== WHAT TO DO ==
Carry over every entry exactly as written, though not the pictures it contains.

== SUPPLIED ENTRIES ==
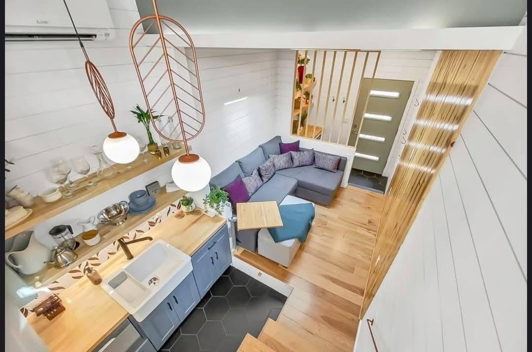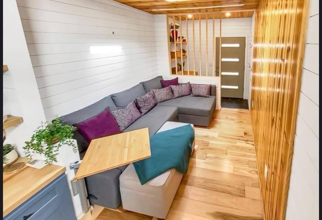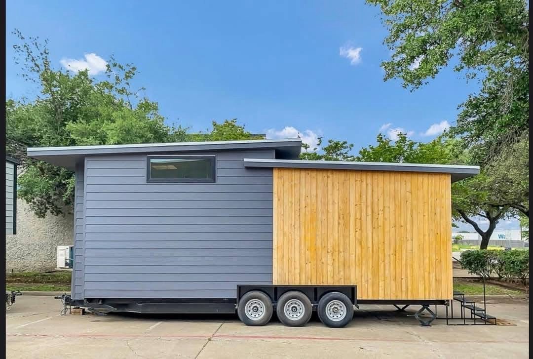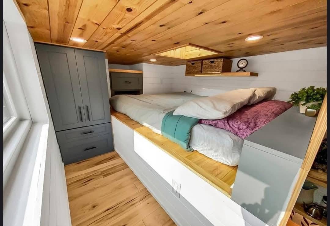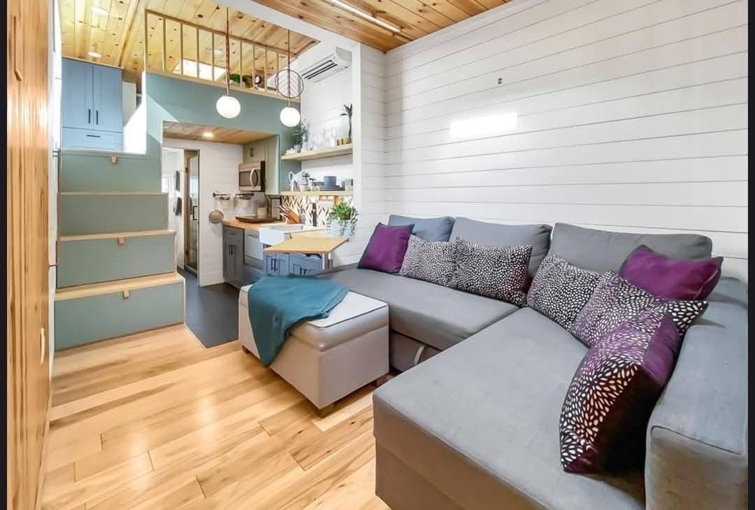 Designed by an architect & tiny home enthusiast, this beautiful tiny home on wheels maximizes every inch of space! Goldstein Tiny Home Details: Modern Exterior White Shiplap Walls & beautiful Fixtures throughout the Interior Entry is a separate Mud Room/Laundry Room with Tile Back-Splash Living Room features a Convertible Sleeper Sofa & wall-mounted TV Walnut Butcher Block Counter Tops Farmhouse Kitchen Sink Apartment Size Refrigerator Drawer Dishwasher Stow-away Cooktop Built-in Microwave & Vent Hood Storage Staircase Stand-up Loft Bedroom Full-Size, Built-In Wardrobe & matching Night Stand Queen Size Bed Platform Wall-mounted TV in the bedroom Bathroom features a beautiful Tile Floor Residential Flush Toilet 3’x4′ Shower with Tile Surround & Glass Doors Beautiful Walnut Trim & Walnut Open Shelving throughout the home Mitsubishi Mini-split AC & Heat Pump Wood framing High-quality Trailer built specifically for a Tiny Home on Wheels
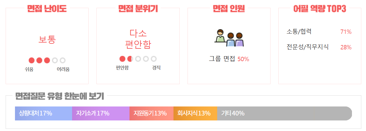 ▲답변마다 피드백을 해주시는 점이 인상 깊었습니다. ▲자기소개도 안 시키고 아이스브레이킹하면서 자연스럽게 면접이 시작되어서 편했고, 압박 질문이 살짝 있었지만 반응을 잘해주셔서 좋았습니다. ▲면접자를 배려해주려고 하고 크게 어려움은 없었습니다. ▲확실한 제조 공정에 대한 지식이 없으면 대답하기 힘든 질문들을 했습니다. ▲답변을 외운다기 보다는 평소에 본인의 가치관을 정리하고 이미지 메이킹을 하는 게 중요함
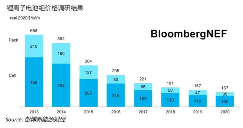 2010年到2020年間,全球鋰離子電池組平均價格從1100美元/千瓦時降至137美元/千瓦時,降幅達89%。根據(jù)彭博新能源財經(jīng)的最新預(yù)測,到2023年,鋰離子電池組平均價格將接近100美元/千瓦時。
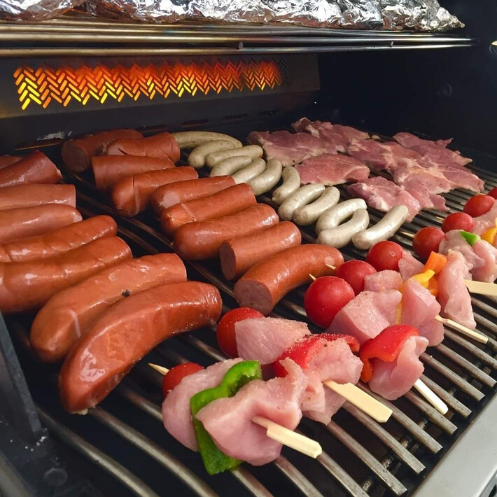 The buffet includes four courses: soup, crisp salads from the buffet, and, of course, the barbecue buffet (from meat to sausages to fish, and side dishes and sauces), and we finish with dessert.
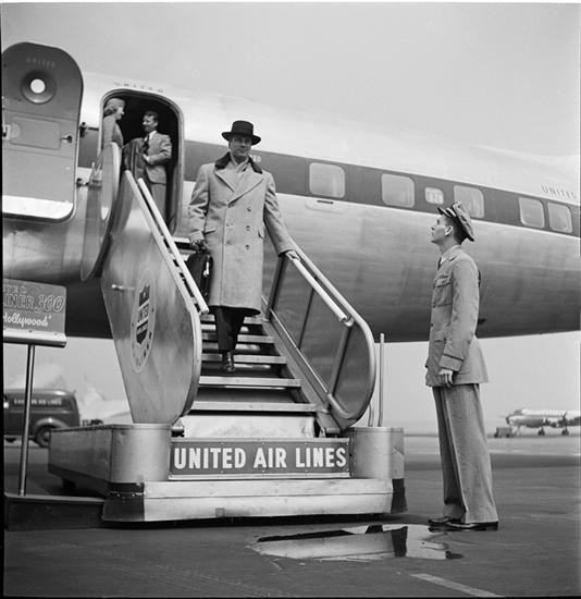 Fashion - Men [Fashion shoot, showing a man boarding a plane.]
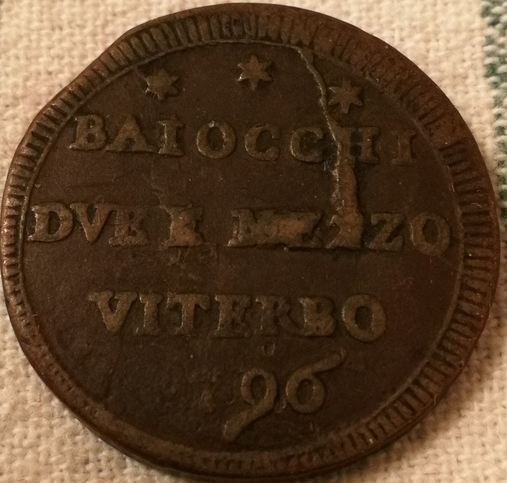 Primo esempio: Sampietrino zecca di Viterbo 1797.
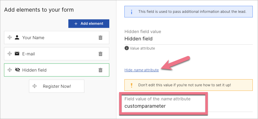 If your landing page URL with custom parameters is: https://www.landpage.co/utm/?ref=website&name=Gilbert, in the Field value of the name attribute field, add ‘ref’ and ‘name’ respectively.

== OUTPUT ==
 Designed by an architect & tiny home enthusiast, this beautiful tiny home on wheels maximizes every inch of space! Goldstein Tiny Home Details: Modern Exterior White Shiplap Walls & beautiful Fixtures throughout the Interior Entry is a separate Mud Room/Laundry Room with Tile Back-Splash Living Room features a Convertible Sleeper Sofa & wall-mounted TV Walnut Butcher Block Counter Tops Farmhouse Kitchen Sink Apartment Size Refrigerator Drawer Dishwasher Stow-away Cooktop Built-in Microwave & Vent Hood Storage Staircase Stand-up Loft Bedroom Full-Size, Built-In Wardrobe & matching Night Stand Queen Size Bed Platform Wall-mounted TV in the bedroom Bathroom features a beautiful Tile Floor Residential Flush Toilet 3’x4′ Shower with Tile Surround & Glass Doors Beautiful Walnut Trim & Walnut Open Shelving throughout the home Mitsubishi Mini-split AC & Heat Pump Wood framing High-quality Trailer built specifically for a Tiny Home on Wheels
 ▲답변마다 피드백을 해주시는 점이 인상 깊었습니다. ▲자기소개도 안 시키고 아이스브레이킹하면서 자연스럽게 면접이 시작되어서 편했고, 압박 질문이 살짝 있었지만 반응을 잘해주셔서 좋았습니다. ▲면접자를 배려해주려고 하고 크게 어려움은 없었습니다. ▲확실한 제조 공정에 대한 지식이 없으면 대답하기 힘든 질문들을 했습니다. ▲답변을 외운다기 보다는 평소에 본인의 가치관을 정리하고 이미지 메이킹을 하는 게 중요함
 2010年到2020年間,全球鋰離子電池組平均價格從1100美元/千瓦時降至137美元/千瓦時,降幅達89%。根據(jù)彭博新能源財經(jīng)的最新預(yù)測,到2023年,鋰離子電池組平均價格將接近100美元/千瓦時。
 The buffet includes four courses: soup, crisp salads from the buffet, and, of course, the barbecue buffet (from meat to sausages to fish, and side dishes and sauces), and we finish with dessert.
 Fashion - Men [Fashion shoot, showing a man boarding a plane.]
 Primo esempio: Sampietrino zecca di Viterbo 1797.
 If your landing page URL with custom parameters is: https://www.landpage.co/utm/?ref=website&name=Gilbert, in the Field value of the name attribute field, add ‘ref’ and ‘name’ respectively.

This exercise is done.